We discovered the mistakes described below by the following process.   We 
first obtained xeroxes of all the original NBER handwritten data sheets from 
the offices of Geoffrey Moore's Center for International Business Cycle 
Research (CIBCR) at Columbia University.\footnote{The CIBCR became the 
repository for the data in 1978 after production of the ICPSR tape.}   We also 
produced a printout of all of the series on the ICPSR tape.   We then used 
these two materials to conduct an initial, preliminary check of the contents 
of the tape.  This check did not verify each entry in every series but instead 
checked whether each tape series appeared to roughly match the underlying NBER 
series.   This first round inspection also checked a sample of individual 
entries to determine the frequency of random typos and other problems.  This 
investigation revealed the following kinds of errors in the tape data.

The tape data contain numerous typos.  In some cases these are inconsequential 
(e.g., only in the last decimal place), but in many cases they are 
substantial.   The distribution of these typos appears random, i.e., the kind 
that would result from typing in data from handwritten sheets. 
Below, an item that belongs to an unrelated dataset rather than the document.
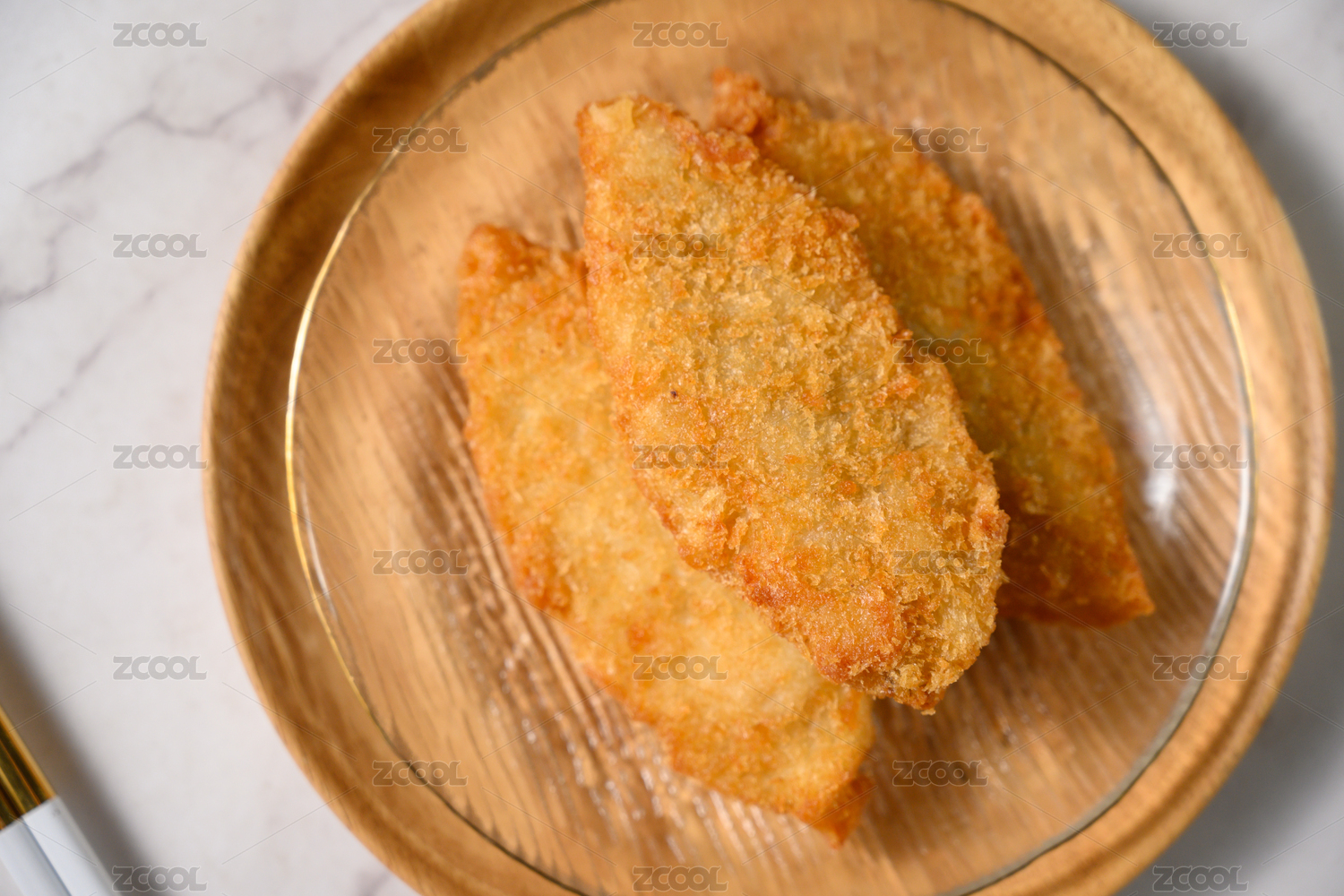 餐桌上盤子里的炸鱈魚的高角度視圖

In at least fifty series, the decimal point has been entered in
the wrong place for all or part of a series.   In some cases the units were
simply entered incorrectly.   In other cases, the units change part way
through a series according to the NBER documentation (say from thousands to
millions), but this change was ignored when the data were entered onto the
tape. 

The documentation on the tape contains numerous mistakes.  For example, in one
case the NBER documentation says the source of the data is the 1935 Annual
Supplement to the Survey of Current Business but the tape documentation says
it is the 1953 Supplement.  The documentation on the tape accompanying one
series say a strike affected output in 1922, while the NBER documentation says
the strike occurred in 1912.

The documentation for many series refers to the documentation for other series
in the data set using code numbers from the original NBER data sheets.  These
numbers do not appear in the tape documentation, however, so these cross
references provide no useful information to persons using the tape but without
access to the original NBER documentation.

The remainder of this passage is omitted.